Приятная прохлада обволокла кожу, жжение под веками заметно уменьшилось.
— Промыть трэба. А ну, глянь сюды! — скомандовал всё тот же голосок, и Яся с трудом разлепила глаза, увидела близко-близко уродливое востроносое лицо, покрытое то ли перьями, то ли пухом.
— Сколько? Один или два? — существо пошевелило грязным пальцем. Ноготь был загнутый, длинный, на потемневшей поморщенной коже рядком лепились буроватые бородавки.
— Один, — пролепетала Яся и раскашлялась. Горло перехватило от спазма, слёзы полились с новой силой.
— Ну будэ, будэ. — существо шмыгнуло куда-то за Ясю и тут же вернулось с кружкой без ручки. — На-ка вот кисяля. Очень хорош!
Яся послушно приняла липковатую кружку, осторожно пригубила кисловатый, с лёгкой сладинкой, напиток.

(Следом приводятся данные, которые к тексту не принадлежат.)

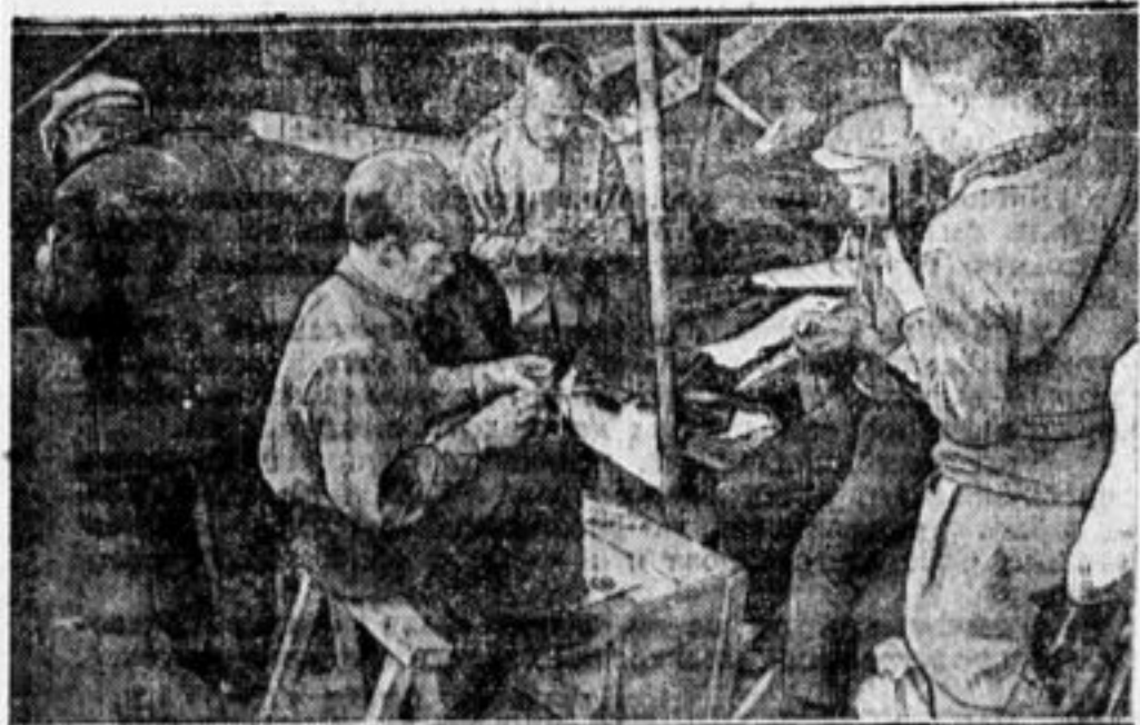
На всесоюзных состязаниях мо делств. За починкой моделей.

Мы узнали из газеты и из жизни нашего отряда, что ребята, исключенные из отряда, становятся хуже. Девчата пудрятся, мажутся. Ребята гоняют голубей, играют в карты, а потому мы за то, чтобы перевоспитывать, а не выгонять из отрядов.
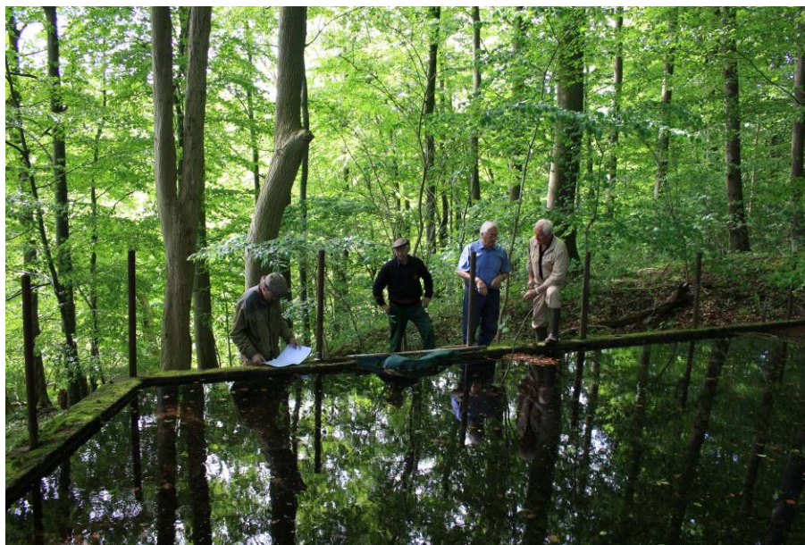
Der studeres papirer og diskuteres. 2. juni 2010

Specielt i forbindelse med aftenmalkningen, hvor det gælder om at få nedkølet den nymalkede mælk hurtigst muligt, er der ofte problemer med vandforsyningen. Nedkølingen af mælken sker ved at lade vand i en slags vandret karrusel risle ned over mælkejugen; samtidig hermed drejer vandstrålen en omrører rundt i malkejugen
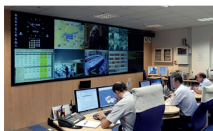
28 Informační systém integrovaného záchranného systému
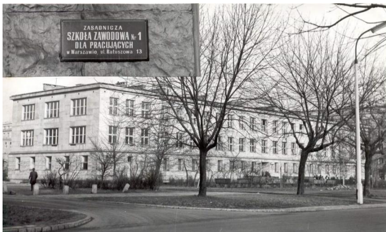
Fot.1. Pierwsza siedziba szkoły w budynku szkoły podstawowej przy ul. Ratuszowej 13.
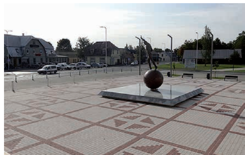
Väike-Maarja keskväljakult avaneb nüüd avar vaade.
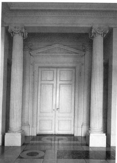
Basel, Haus zum Kirschgarten, 1775–1780, Blick vom Vestibül der Beletage zum Eingang des Grossen Salons.

Die Begleitpublikation zur Ausstellung Sehnsucht Antike , welche zwischen dem 17. November 1995 und dem 28. April 1996 im Haus zum Kirschgarten des Historischen Museums sowie der Skulpturenhalle Basel gezeigt wurde, nimmt sich einer grossen bisherigen Forschungslücke der Kunstgeschichte Basels an. Die vor rund zwanzig Jahren europaweit einsetzende Do-
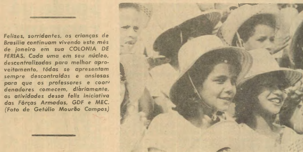
Felizes, sorridentes, as crianças de Brasília continuam vivendo este mês de janeiro em sua COLÔNIA DE FÉRIAS. Cada uma em seu núcleo, descentralizadas para melhor aproveitamento, todas se apresentam sempre descontraídas e ansiosas para que os professores e coordenadores comecem, diariamente, as atividades dessa feliz iniciativa das Forças Armadas, GDF e MEC.
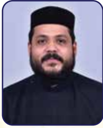
Co - Vicar's Message

വി. ശ്ലീഹന്മാരുടെ ജീവിതചരിത്രവും അവരുടെ ദൈവശാസ്ത്ര വീക്ഷണങ്ങളും ഇന്നത്തെ അസ്തിത്വ പ്രതിസന്ധികൾക്ക് എങ്ങനെ മറുപടി നൽകുന്നുവെന്നും നമ്മെ എങ്ങനെ സ്വാധീനിക്കുന്നുവെന്നും നോക്കാം.
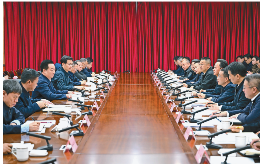
11月13日至15日,自治区党委书记王君正深入日喀则市仁布县、谢通门县、南木林县、桑珠孜区、经开区调研。这是调研期间王君正听取日喀则市工作汇报。

本报日喀则11月15日电(记者张黎黎 刘文涛)13日至15日,自治区党委书记王君正深入日喀则市仁布县、谢通门县、南木林县、桑珠孜区、经开区调研。强调,要深入学习贯彻党的二十大精神
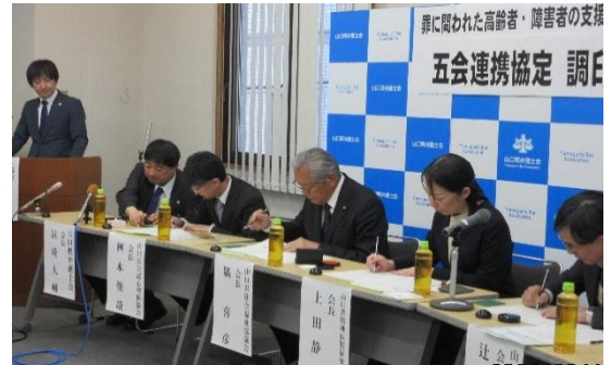
協定書に署名する各会の会長

当会は、平成30年4月1日に山口県弁護士会、山口県社会福祉士会、山口県精神保健福祉士協会との間で四会連携協定を締結し、罪に問われた高齢者・障害者（以下「対象者」）に対する刑事弁護における福祉的支援を充実させるため、研修や情報共有を通じて、連携強化に取り組んできました。
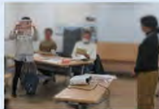
チラシを使った 交流型活動の体験
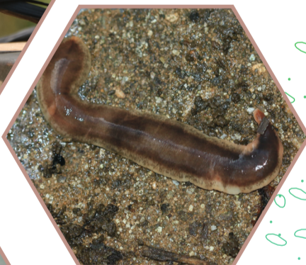
VER PLAT DE NOUVELLE-ZÉLANDE Arthurdendyus triangulatus Réglementée UE
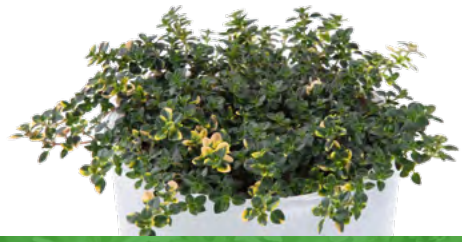
Thymus citriodorus 'Doone Valley' 73489
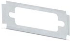
D-SUB EMC shroud, shell size 2, shielded, for panel mounting frame VS-15-...

Please be informed that the data shown in this PDF Document is generated from our Online Catalog. Please find the complete data in the user's documentation. Our General Terms of Use for Downloads are valid ( http://download.phoenixcontact.com )
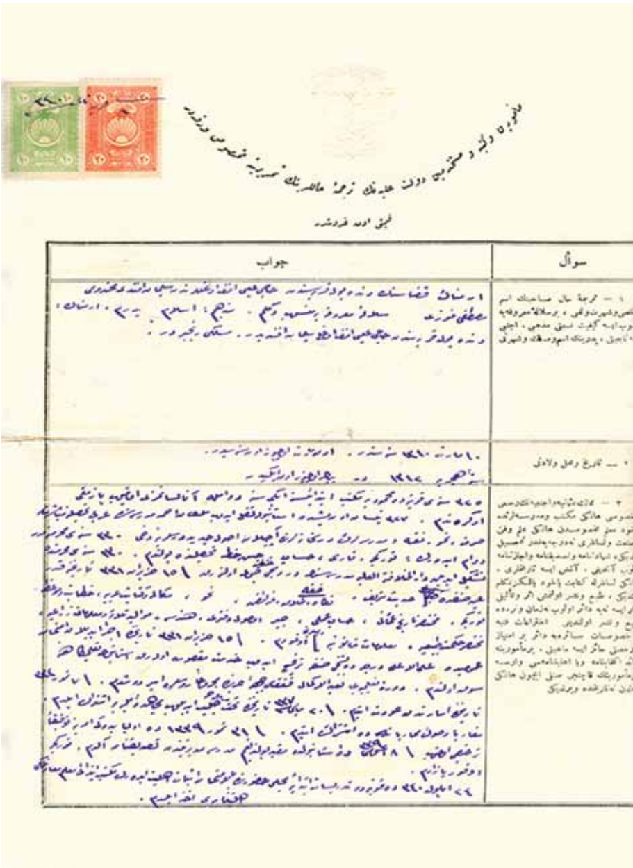
Ek 4. Mustafâ (Bolay)'ın Öğretmen Sicil Dosyasında Tercüme-i Hâl Varakasından Bir Sayfa

— Чарничный, на меду, — существо облизнулось и вздохнуло. — Тебе пользительно.
Кисель неожиданно успокоил Ясю, и она прониклась благодарностью к невероятной своей спасительнице. Та больше не казалась безобразной — только слегка чудной.
Яся украдкой поглядывала на соломенные, торчащие из-под серого платка волосы, на серый же, в красную крапку сарафан, подпоясанный плетёной травяной верёвкой и не могла понять — кто перед ней.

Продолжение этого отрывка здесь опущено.